# Alright I NEED opinions



## hamma time (Sep 29, 2006)

I want to get a coyote gun, I am currently using my deer rifle which isnt good on fur (.270) haha. I have talked to a few and I am wondering should i get a .243 DPMS Panther™ LR-243L, or a .243 Rem 700 BDL. doesnt have to be a .243 but i think thats the most reliable when it comes to the longer shots and wind comes into play. Correct me if im wrong. I would like a 22-250 in the 700 but up here you need someone to die becuase ppl dont give them up. but what are your guys thoughts.


----------



## xdeano (Jan 14, 2005)

It kind of depends on how fast you want your weapon. The 700 is only a store away, pretty easy to get your hands on. The other, good luck, DPMS has a huge lead time on their weapons, and beings that it isn't the standard 223 you're going to have to wait until they make a run of 243. So you're looking at a year or longer in most cases.

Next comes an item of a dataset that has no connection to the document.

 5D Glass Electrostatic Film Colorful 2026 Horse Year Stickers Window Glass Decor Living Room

The 270 really isn't a great "fur" gun, but with the right bullet construction it will make a decent one. It'll make them stone dead, I don't know about you, but if it makes them go down, it's a fur gun.  Just choose a better bullet and you'll be set. But if you're really going after the 243 then by all means go for it. The 243 is a great caliber for pinching coyotes.

xdeano


----------



## barebackjack (Sep 5, 2006)

Id get a Rem 700. Solid action, great rifle. Its an action that has withstood the test of time. .243 is a good second choice, .22-250 would be better.

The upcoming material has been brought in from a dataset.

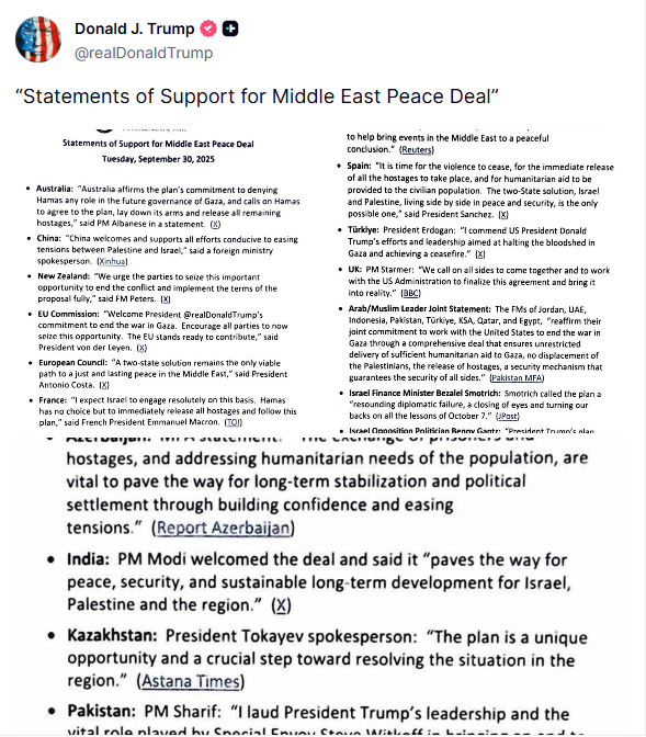 ABŞ Prezidenti Donald Tramp sosial media hesabında Qəzzada münaqişəni sonlandırmaq üçün irəli sürdüyü 20 maddəlik sülh planı ilə bağlı paylaşım edib.

The AR platform is good, but not great. A good bolt rifle will be more accurate, more reliable, and for hunting purposes is just a better all around choice. Not to say the AR's cant be accurate, but the only advantage to them is "19 quick follow up shots", if your first shot is good, the other 19 arent needed.


----------



## Kelly Hannan (Jan 9, 2007)

I agree with barebackjack, bolt action. I have mixed feelings on size. I prefer the 243, and normally 243 shells are more available than 22-250. If you reload it's no problem.

Don't get me wrong, I wouldn't turn down a good 22-250, but prefer the 243. I could only afford 1 rifle when I was younger, had to kill deer and critters. I found loads for both and have stuck with the 243 every since. Don't overlook some of the other brands of rifles, find the one that fits you best


----------



## 1observer (Feb 23, 2009)

I don't disagree with anyone. But...IMO...if you are planning on keeping your .270, wouldn't you want a smaller caliber to have a little more versatility? I understand the wind and the long shots, but if it's really windy and really long, why not shoot the .270! As for the DPMS, they are a great rifle(made right here in my town). But I recently had the opportunity to purchase the DPMS or the Howa Axiom both in .223. Both were the same price. I bought the Howa for the heavy barrel, bolt action, adjustable stock, etc. The Salespeople were leaning me hard to the DPMS, but when I asked about true accuracy, they all agreed the Howa was the better choice. Just my 2 pennies worth. Any new gun you can buy, is a good gun!


----------



## hamma time (Sep 29, 2006)

yea i will be keeping my .270 but the problem is that in my town the only store carries a 130 grain bullet and a 125 but the 125 is almost double the price of the 130. If i could find a cheapier small grain bullet that without traveling for them i would probably keep my .270


----------



## coyoteodie (Feb 21, 2009)

Dont want to start an argument.but anyone who says an AR isnt as accurate as a bolt gun hasnt shot the correct one lately. I shot a Rock River that Id put against any .223 bolt gun in my hands,and I would suggest anybody who had a bolt gun they thought would shoot better also try the same RR in their hands, as I know theyres lots of shooters better than me. Alas,I couldnt afford the RR  but my mutt(rock river,bushy cross,16 inch)will shoot .5 with tailored loads. ARs come in many grades and manufacturer definitly matters! 
ARs make excellent calling rifles. All the qualifications that make them good as combat rifles are attributes in coyote hunting as well.Compact,easy to handle. Spray paint your camo as many times as you like without messin up a fancy gun.
The 700 is a great rifle. The 243 is a great round. But if your lookin for a specialty dog gun dont shut out the AR and the .223. Unless your shooting incredible distances the.223 is more than adequate. And isnt it more fun to call them into your lap?!
As a side note, Armalite (others may also) chambers the .243 in an AR platform. Ive heard good and bad about Armalite. I dont have the experience with one to side either way.
Good luck and let us know what you go with,including pix!


----------



## StretchNM (Dec 22, 2008)

Hamma Time,
Why don;t you just order some bullets from Midway or Midsouth or Powder Valley? They should have the bullets you want and maybe cheaper than you're accustomed to.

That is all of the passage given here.